Савелий с улыбкой подмигнул Кэлвину — мол, ну что, говорил я тебе

— все будет в порядке? Тут из коридора донеслись шаги. К их «клетке» водошел дежурный офицер и ткнул пальцем в сторону Савелия:

— Следуй за мной, господин Никто, по имени Кларк! — Видимо, он услышал, как Савелий представлялся Кэлвину.

Савелия ввели в маленькую комнатку со столом и двумя стульями. Едва ли не половину стены напротив стола занимало зеркало. Посадив Говоркова на стул, офицер защелкнул на его правой руке наручник, прикрепленный в крышке стола, и тут же вышел. Савелий спокойно осмотрелся и на мгновение задержал свой взгляд на зеркале: ему вдруг показалось, что за зеркалом кто-то есть, но он сделал вид, что рассматривает свои ногти.

Савелию не показалось: за зеркалом действительно находились люди. Там был Комиссар и те самые полицейские, которые вывели Савелия из бара.

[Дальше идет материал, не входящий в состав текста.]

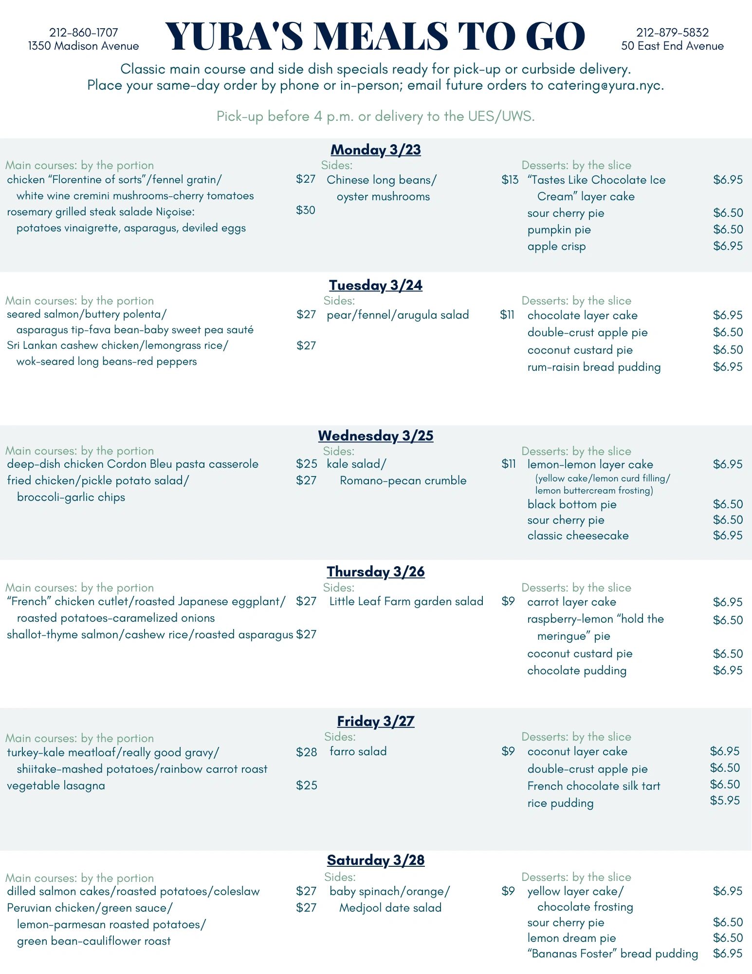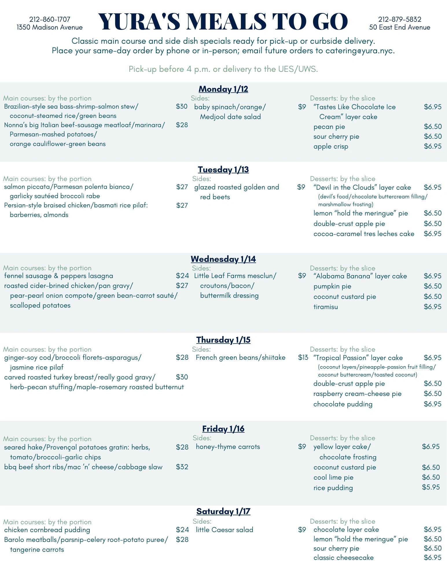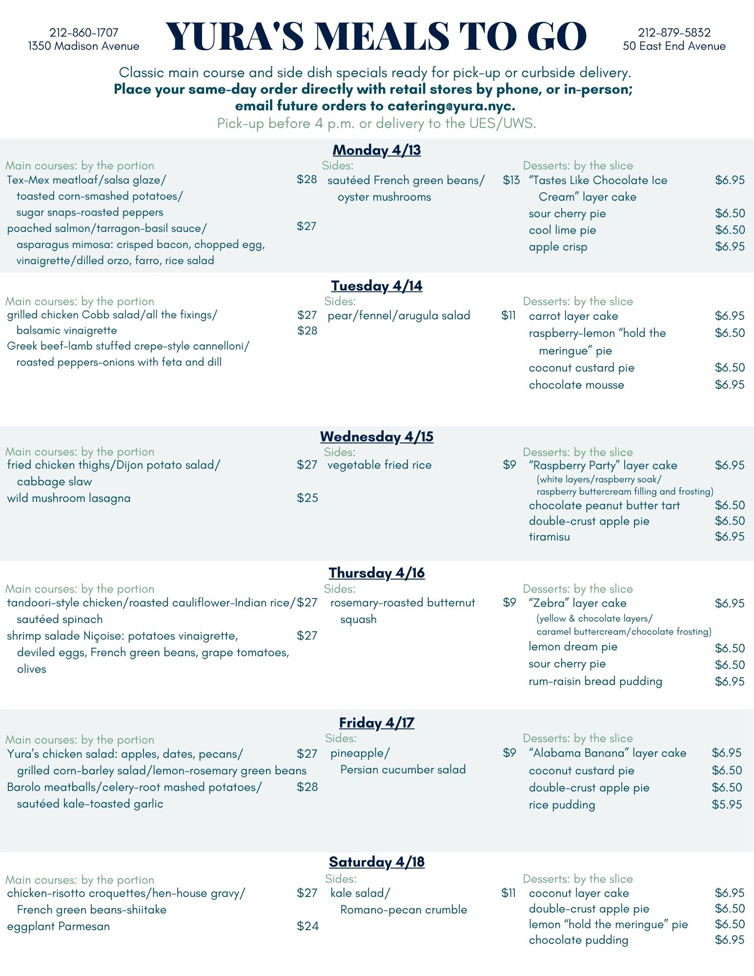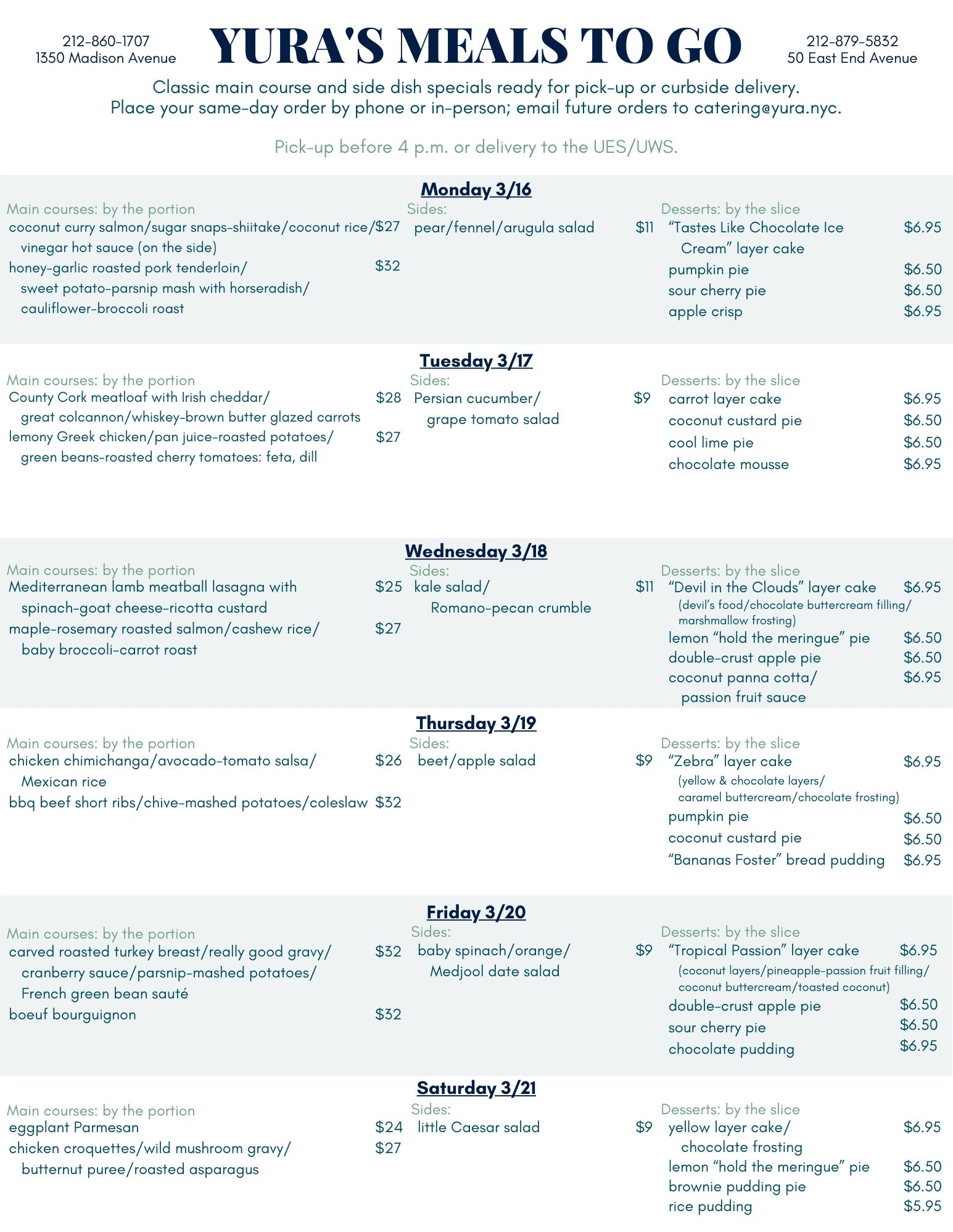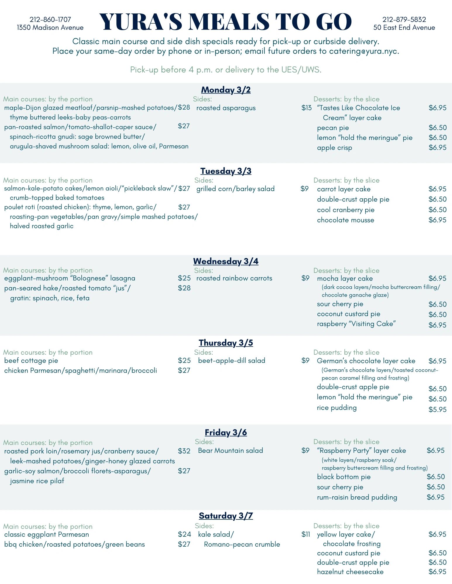 Click here to view the MTG menu in printable form. (pdf)

— Что ж, остается только засадить этого мерзавца! — не отрывая ненавидящих глаз от Савелия, процедил Комиссар. «С каким удовольствием, — подумал он, — я сам разорвал бы тебя на кусочки…» — Неужели у него с собой не было никаких документов? — спросил он.

— Ни клочка, Комиссар! — виновато пожал плечами Рауль. — А данные свои называть отказывается!

— Да какая разница, как его зовут? — хмыкнул второй. — Напишем что угодно, судьи разберутся…

— Нет, я хочу, чтобы ни один из щелкоперов-защитников не смог ухватиться за какое-нибудь наше упущение! — возразил Комиссар. — Пускай все идет официально, обычным путем… Кстати, — права ему зачитали?

— А как же! — ухмыльнулся Рауль. — Все честь по чести! Отправьте к нему меня, а?

— Иди! — кивнул Комиссар. — А потом пойдешь ты. Попробуйте метод «кнута и пряника»!

Савелий, развалившись на стуле, мурлыкал себе под нос какую-то популярную мелодию битлов.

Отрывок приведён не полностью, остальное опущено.